It’s Not Me, Academia. It’s You

 

It’s Not Me, Academia. It’s You





My neuroscience was sexy. My colleagues were sexier. Our research was capturing the imagination of the masses, and I relished the intrigue my title would evoke at social gatherings. More importantly, I was contributing to something that could one day change people’s lives for the better. I was good at my job and I was proud of my identity as a scientist.I hadn’t always loved science, and science hadn’t always loved me. At school, I ducked out of any form of science as soon as I was given the choice. It all felt too discrete. Right and wrong, good and bad. Science was knowledge and either you had it, or you didn’t. My failure to perform was clear and it scared me. I found shelter in the arts, where I could lose myself in characters and plots. I could exist in someone else’s skin, if only for a short time. 

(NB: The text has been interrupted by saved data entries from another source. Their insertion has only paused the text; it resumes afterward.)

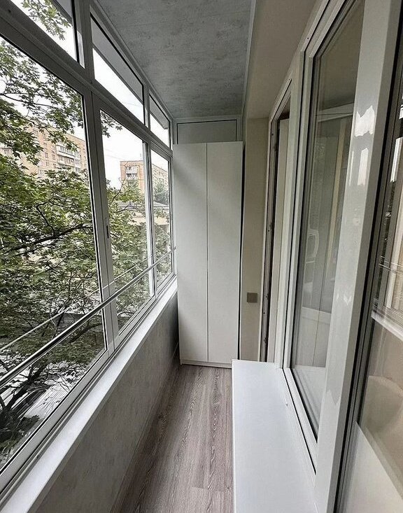 Балкон заcтеклен, стоят моcкитныe ceтки.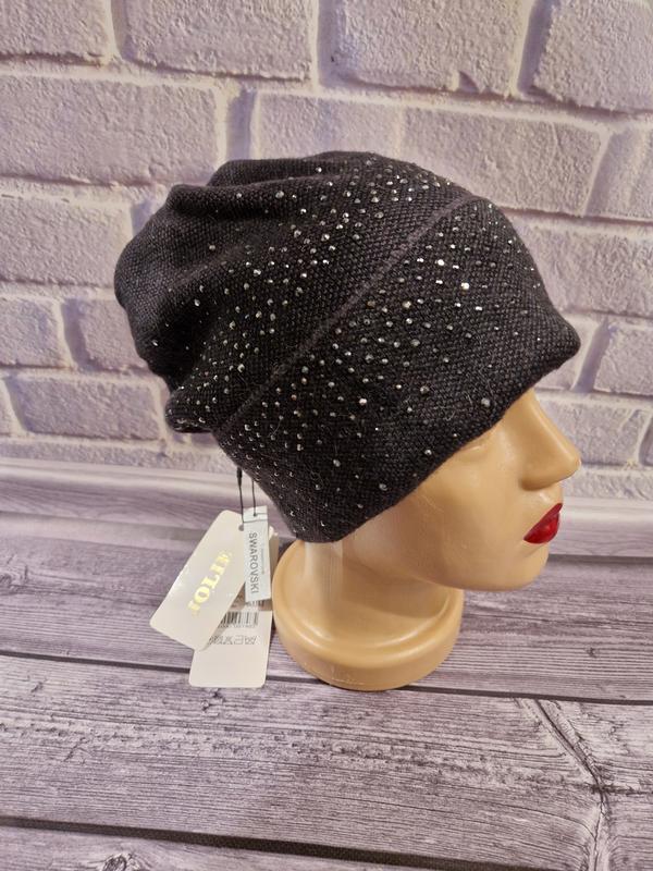 Вязаная шапка с стразами / шапка кашемировая / шапка стразы swarovski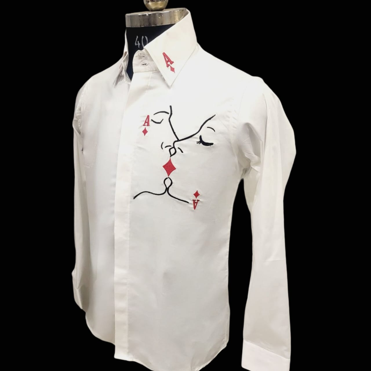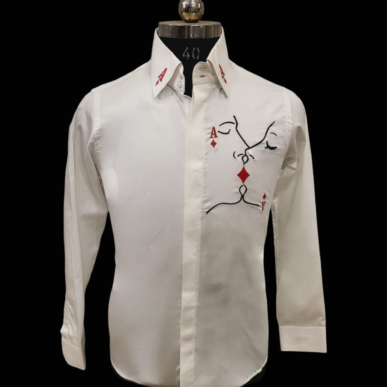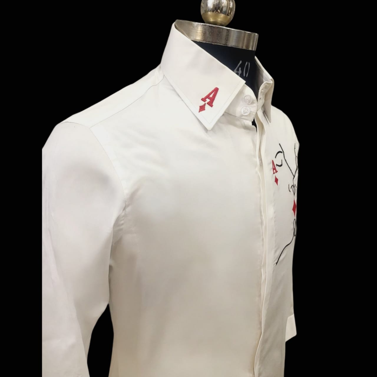 It has Aces cards with faces embroidered on pocket side of shirt with black thread.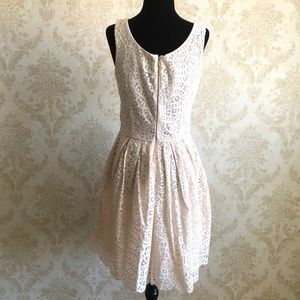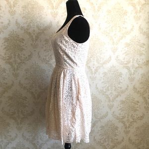 Excellent pre owned condition cream colour overlay lace fully lined sleeveless pleated waist back zipper closure 2 side pockets scallop edge bottom hem dress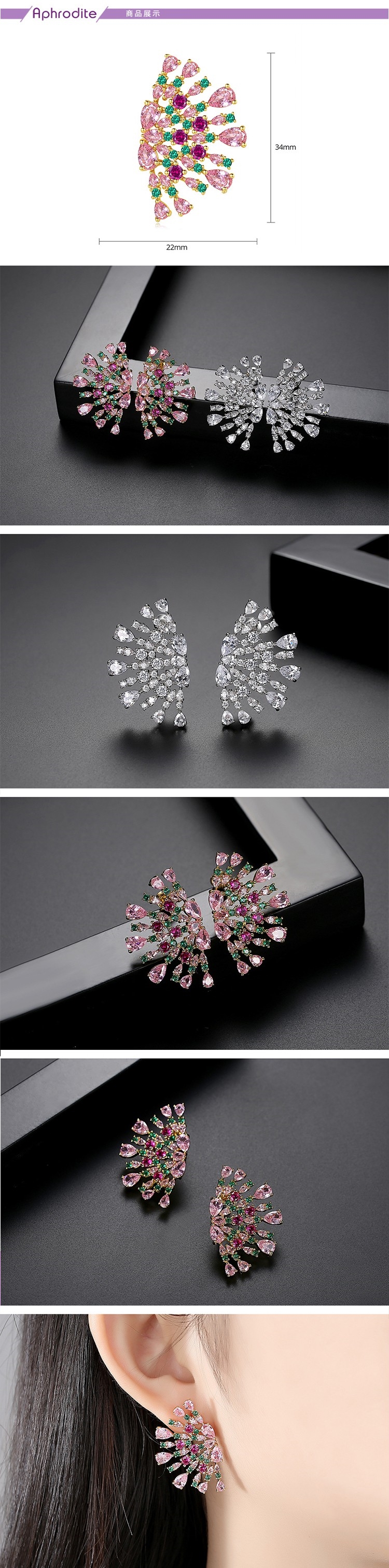 【愛芙晶鑽】閃耀水晶鋯石美鑽孔雀開屏造型耳環 造型耳環 美鑽耳環 (2款任選)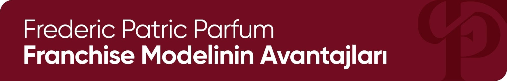 Frederic Patric Parfüm Franchise modeliyle siz de kendi işinizin sahibi olun. Sizi prestijli ve kârlı bir iş dünyasının kapılarını aralıyoruz.Sunduğumuz Franchise imkânı ile markamızın güçlü imajı ve geniş müşteri kitlesine erişim imkanı sunarak işinizi hızla büyütme fırsatı sağlıyoruz. Frederic Patric Parfum olarak sizlere parfüm dünyasında sürdürülebilir ve başarılı bir iş yolculuğuna çıkmanız için ideal bir ortaklık sunuyoruz.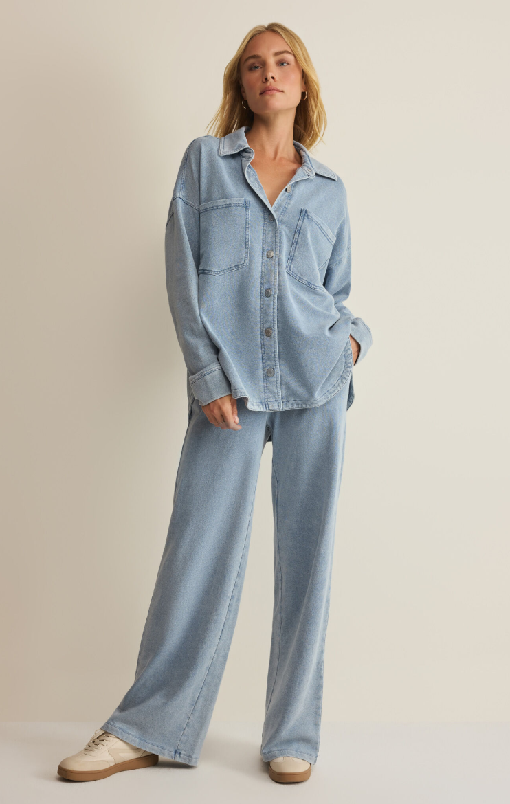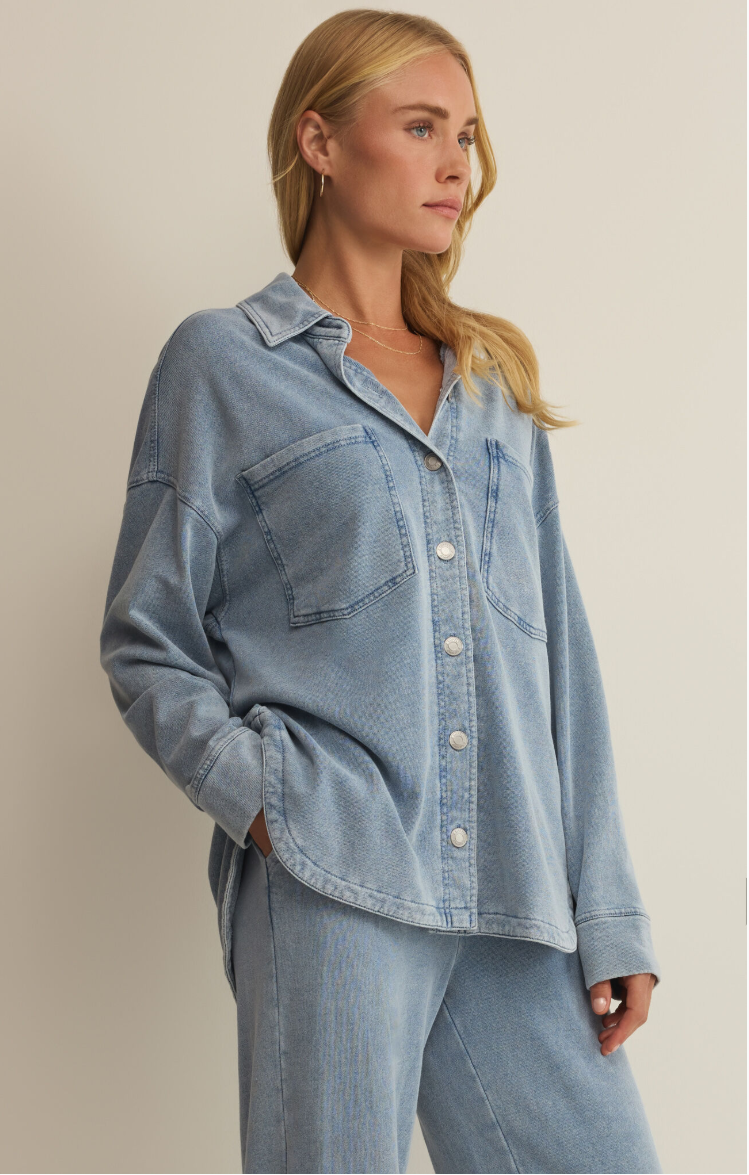 Z Supply | All Day Knit Denim Jacket - Ocean Air Indigo - Ocean Air Indigo / Small is backordered and will ship as soon as it is back in stock.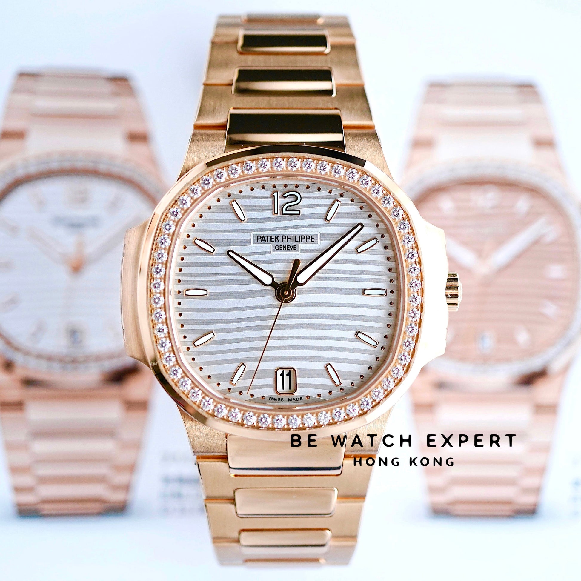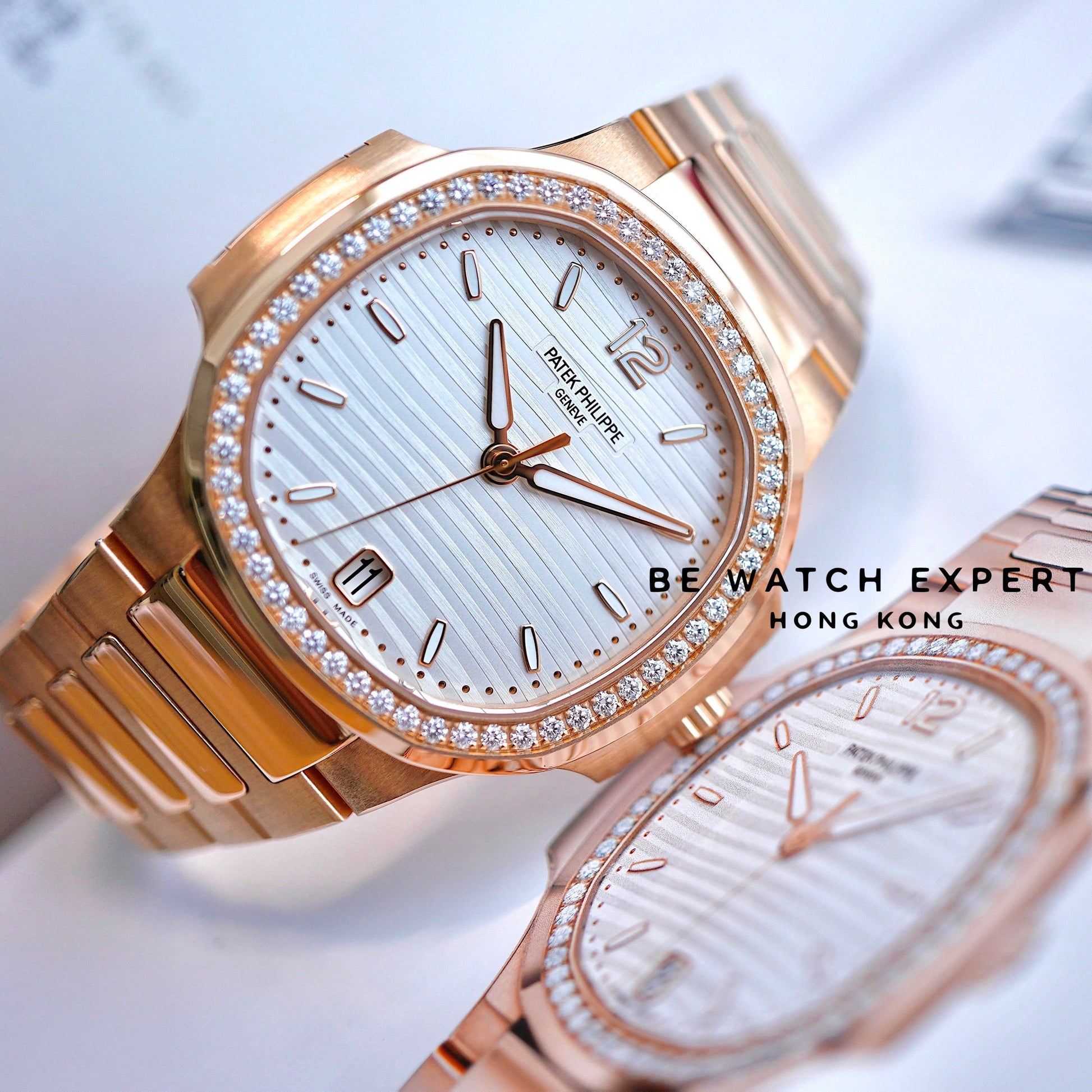NAUTILUS Self-winding Silvery opaline dial with diamond bezel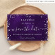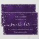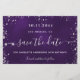 Une carte Save the Date glamour pour une fête d'anniversaire de 50e (ou tout âge). Un arrière - plan violet de couleur inégale. Décoré avec de la poussière de parties scintillant en faux argent. Le texte : Save the Date est écrit avec un grand script de style à la main tendance.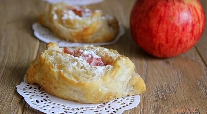 - Открытые слойки с яблоками: Эти слойки готовятся быстро и просто, идеальны для десерта к чаю.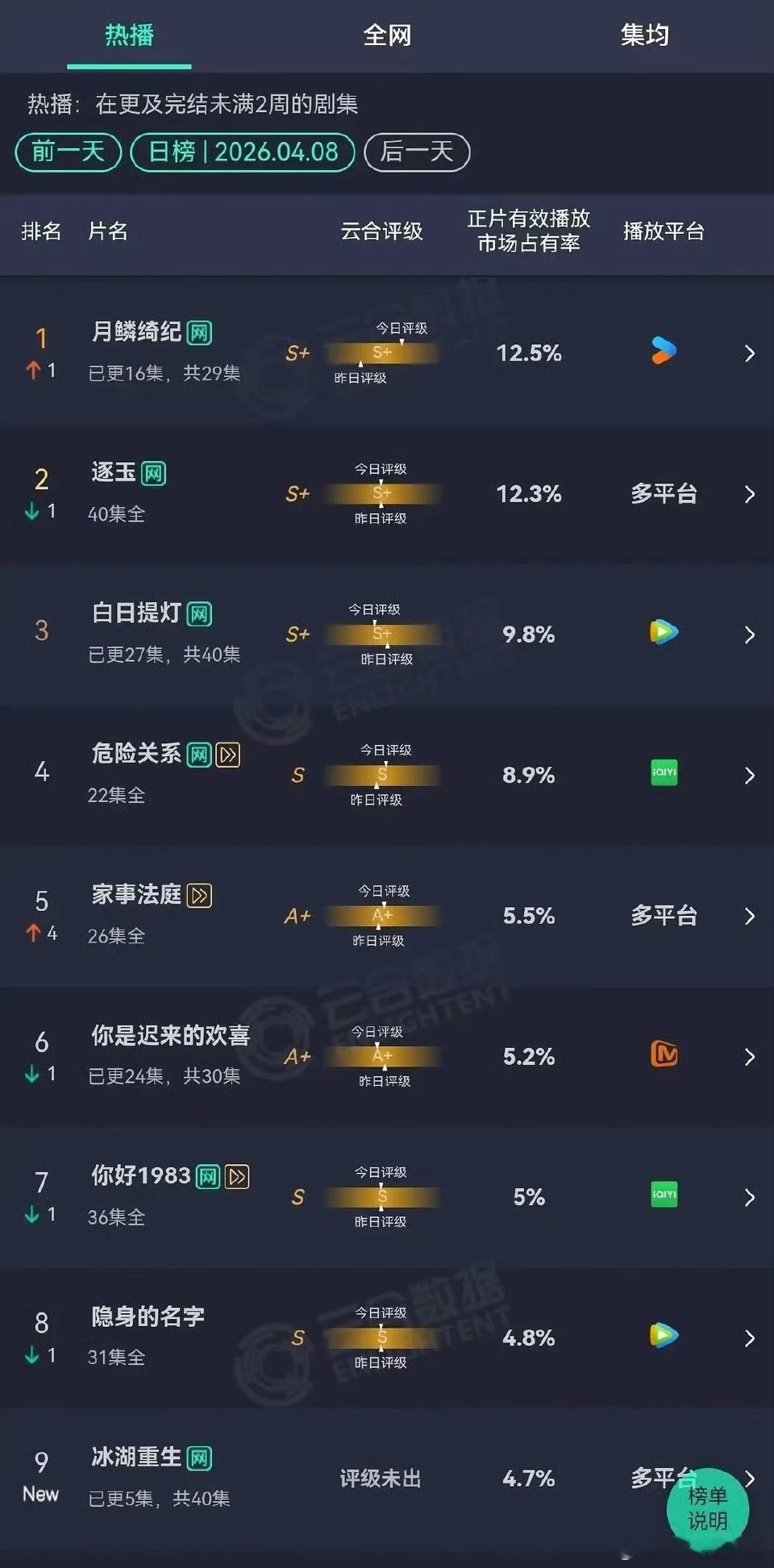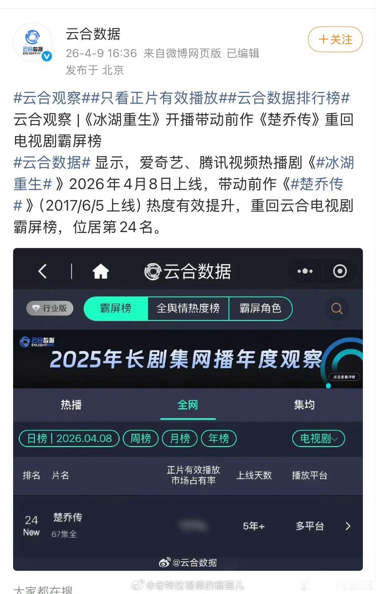 双平台站内热度血扑,次日热度还不如首日。双平台广告全部萝卜,百指超低,还在继续下降。云合血扑开局,但由于营销热度极大,反而让前作赵丽颖、林更新的《楚乔传》回榜。

I found myself in the grey; the spaces between reality and fantasy. I went to university to study for a BA in psychology. I can’t remember exactly what it was that drew me to psychology, aside from an interest in understanding why life seemed so much harder for me than anyone else.I also knew that it was a subject broad enough to have no definitive career trajectory. There were no set expectations and therefore fewer ways for me to fail. While I didn’t realise it at the time, it is also a subject that straddles both the arts and sciences. So while it was the arts that drew me in, it was science that very quickly stole my heart.